▶ [Your task] Your answer must be the full listing, reproduced exactly, minus any pictures.

▶ [Dataset content]
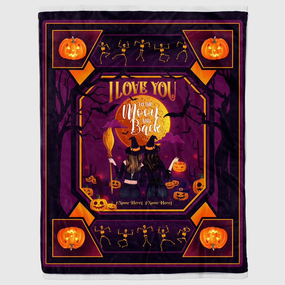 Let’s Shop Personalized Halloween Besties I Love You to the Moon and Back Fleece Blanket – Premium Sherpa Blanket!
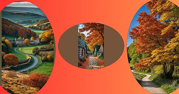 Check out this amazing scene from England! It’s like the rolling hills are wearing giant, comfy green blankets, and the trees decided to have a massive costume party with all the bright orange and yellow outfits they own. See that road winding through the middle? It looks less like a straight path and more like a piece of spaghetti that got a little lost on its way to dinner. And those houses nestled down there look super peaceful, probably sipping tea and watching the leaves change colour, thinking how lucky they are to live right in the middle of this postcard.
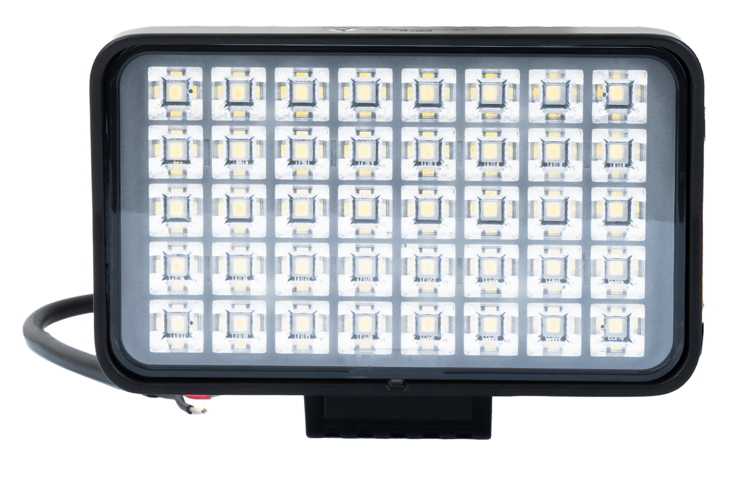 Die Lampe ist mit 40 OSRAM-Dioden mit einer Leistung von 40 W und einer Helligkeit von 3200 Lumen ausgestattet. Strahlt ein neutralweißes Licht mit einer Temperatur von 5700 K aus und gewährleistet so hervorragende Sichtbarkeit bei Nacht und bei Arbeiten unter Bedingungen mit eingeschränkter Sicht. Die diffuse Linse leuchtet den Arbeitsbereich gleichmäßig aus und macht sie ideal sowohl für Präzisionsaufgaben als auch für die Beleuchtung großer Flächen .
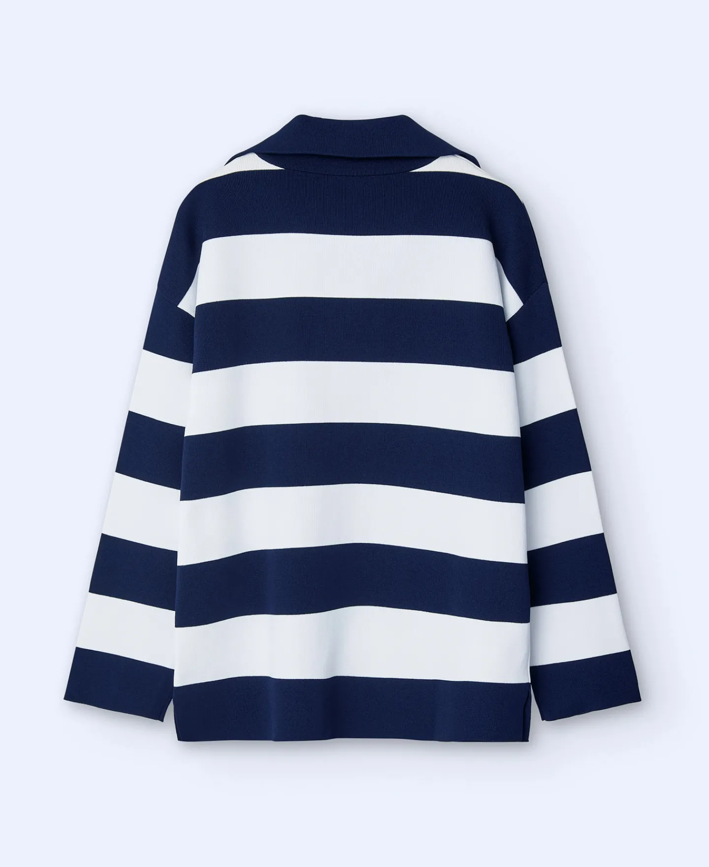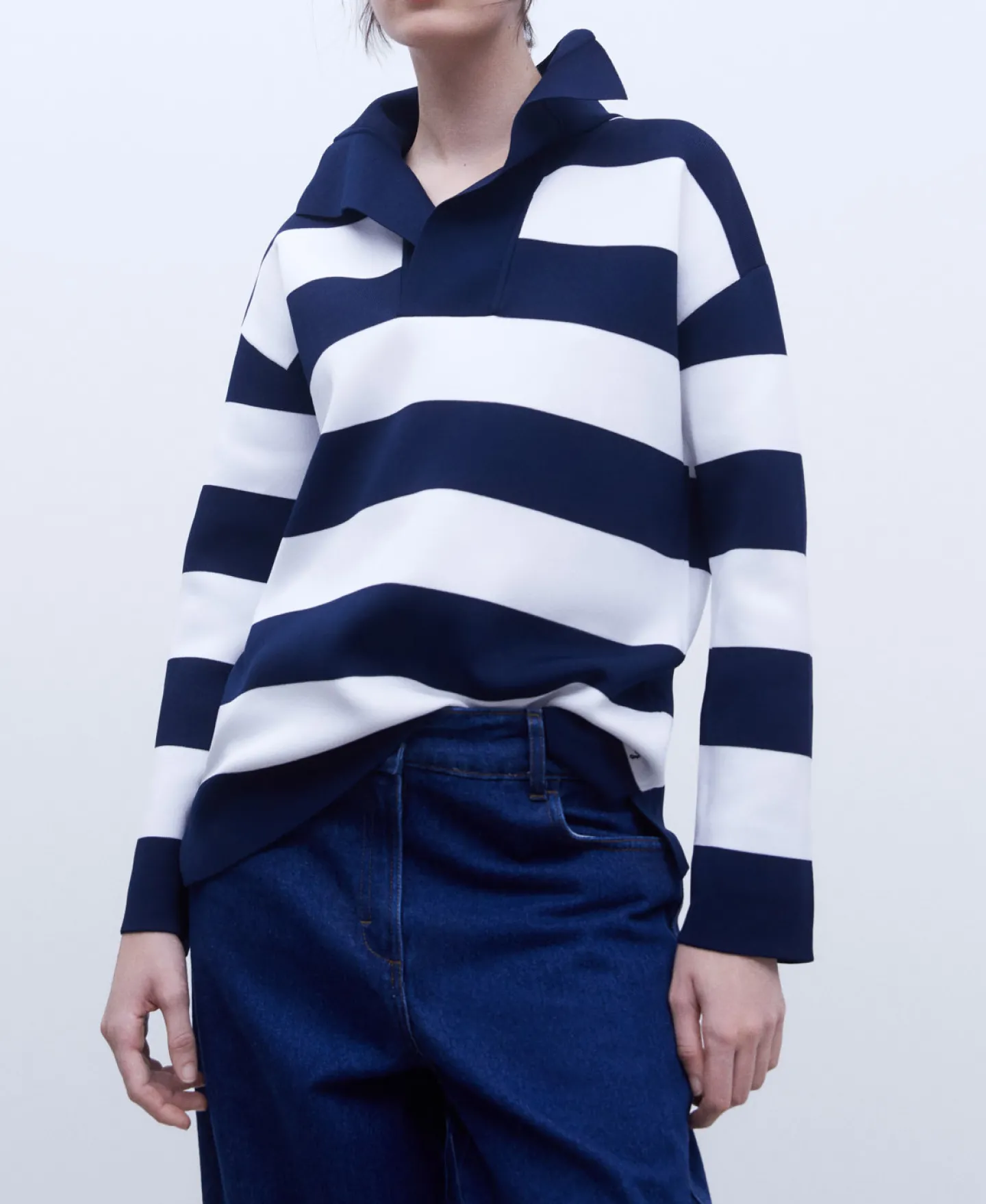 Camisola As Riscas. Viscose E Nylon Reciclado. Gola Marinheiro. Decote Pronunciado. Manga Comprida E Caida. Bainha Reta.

▶ [Written solution]
 Let’s Shop Personalized Halloween Besties I Love You to the Moon and Back Fleece Blanket – Premium Sherpa Blanket!
 Check out this amazing scene from England! It’s like the rolling hills are wearing giant, comfy green blankets, and the trees decided to have a massive costume party with all the bright orange and yellow outfits they own. See that road winding through the middle? It looks less like a straight path and more like a piece of spaghetti that got a little lost on its way to dinner. And those houses nestled down there look super peaceful, probably sipping tea and watching the leaves change colour, thinking how lucky they are to live right in the middle of this postcard.
 Die Lampe ist mit 40 OSRAM-Dioden mit einer Leistung von 40 W und einer Helligkeit von 3200 Lumen ausgestattet. Strahlt ein neutralweißes Licht mit einer Temperatur von 5700 K aus und gewährleistet so hervorragende Sichtbarkeit bei Nacht und bei Arbeiten unter Bedingungen mit eingeschränkter Sicht. Die diffuse Linse leuchtet den Arbeitsbereich gleichmäßig aus und macht sie ideal sowohl für Präzisionsaufgaben als auch für die Beleuchtung großer Flächen .
 Camisola As Riscas. Viscose E Nylon Reciclado. Gola Marinheiro. Decote Pronunciado. Manga Comprida E Caida. Bainha Reta.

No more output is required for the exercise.